Three of the woollen threads on the scaring sticks have been dated to the 5th and 6th century. The pine wood has been dated to the 3rd century – but Pilø believes the woollen dating is more precise. They also match the dating of the arrows found at the site.

This woollen piece of string is 1500 years old.

The Vikings nearly wiped them out

Starting around 536 with several volcanoes erupting and thus affecting climate all over the planet, the late antique little ice age made life hard in the cold north.

“Our finds from the mountains show that this worsening of the climate, which must have made regular agricultural activity very difficult, led to increased hunting activities”, says Pilø.

Up until the Viking Age, the hunting was largely a sustainable activity. The number of hunters and kills did not affect the animal population.

“At this point in time a Northern-European market for trading in reindeer skin and antlers was established”, Pilø says.

This caused the hunting to completely change character. The Vikings established mass hunting facilities where they could collect and kill hordes of reindeer for export.

“Other studies from this area in Norway have shown that something happens to the genetic material from the animals during this time. There were few animals left, and it seems as though the mass hunting made a substantial dent in the animal population”, Pilø says.

The Trollsteinhøe camp site in 2012. As camping up at the top isn’t possible, each day at Trollsteinhøe starts with a 400-500 m climb to get to the site. From the left: Julian Robert Post-Melbye, Elling Utvik Wammer and James Barrett

Going off piste to find the Stone Age

So far, the Secrets of the Ice project has mostly surveyed sites that they know have been connected to farms down in the valleys. This makes sense if you only go a couple of thousands of years back in time.

The same farms, however, might not have been relevant for the Stone Age or Bronze Age hunters.

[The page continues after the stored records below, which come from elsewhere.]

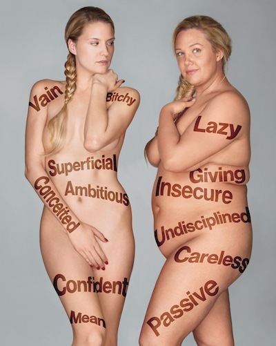 You’re equating weight and health. I weight 260 pounds, am pushing thirty, and I have normal cholesterol and blood pressure. It’s true we should eat healthy, but as the author is pointing out, you cannot make any assumptions of how someone eats or exercises based on the size of that person.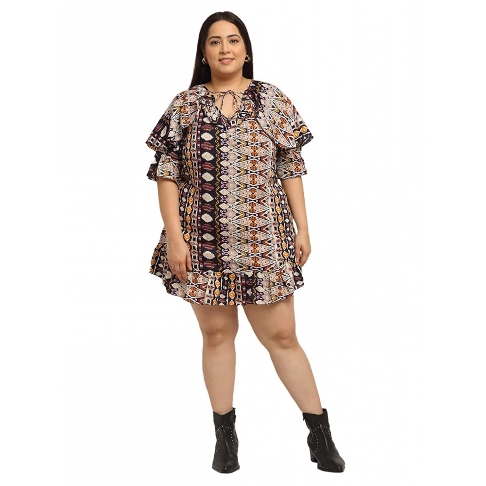 Women’s Crepe Printed Knee Length Fit and Flare Dress (Multi)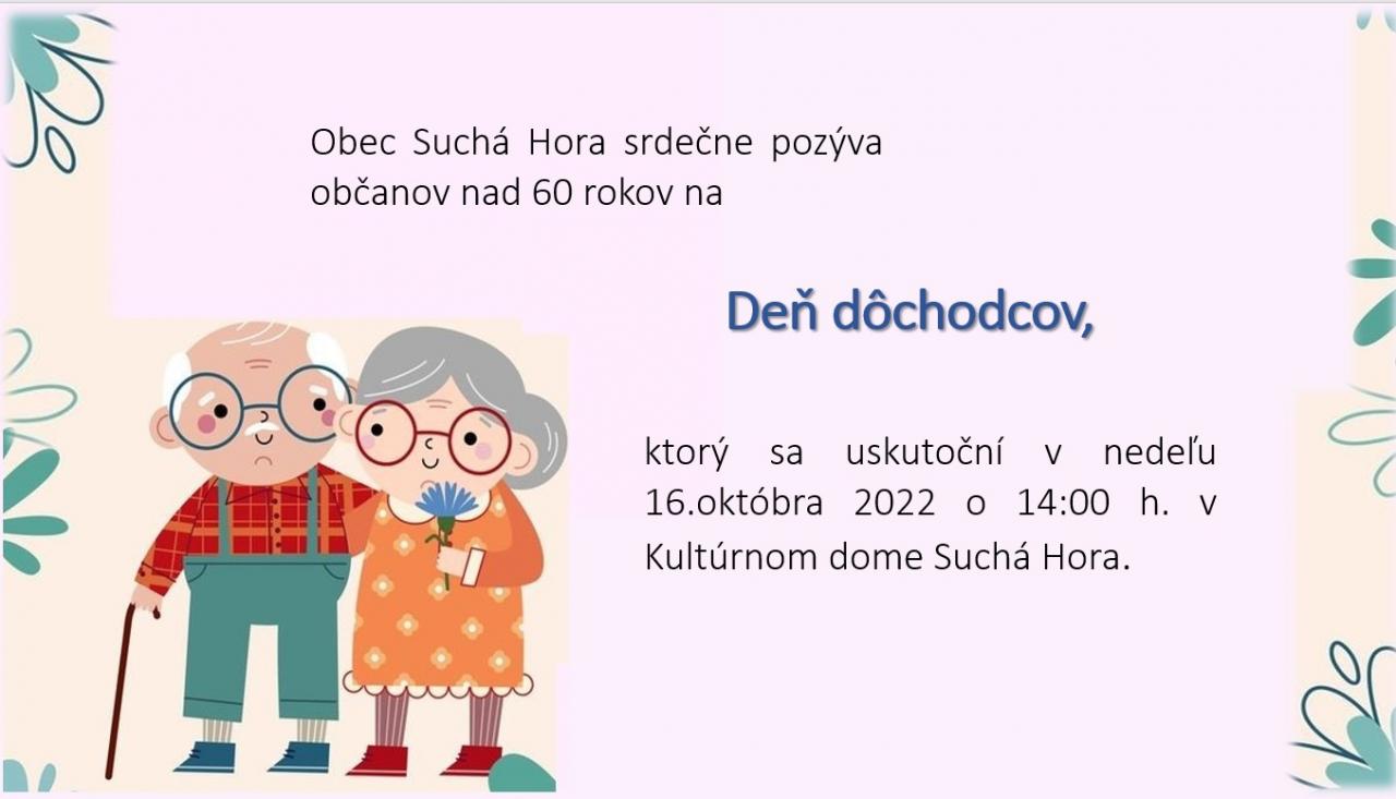 Obec Suchá Hora pozýva občanov nad 60 rokov na "Deň dôchodcov", ktorý sa uskutoční v nedeľu 16.10. 2022 o 14. hod. v Kultúrnom dome Suchá Hora.

“They might have used this landscape in totally different ways. Areas that we today consider as totally remote might not have been so during that time”, says the glacial archaeologist.

Bound by resources, exploring areas that are difficult to access and full of snow is not always possible to prioritize. But it’s certainly on the wish list.

The tiny ice patch that is Trollsteinhøe will most likely soon be no more.

“The ice in the Norwegian mountains will largely disappear during this century”, says Pilø.

“That’s the dramatic and less nice background for all of our exciting finds”.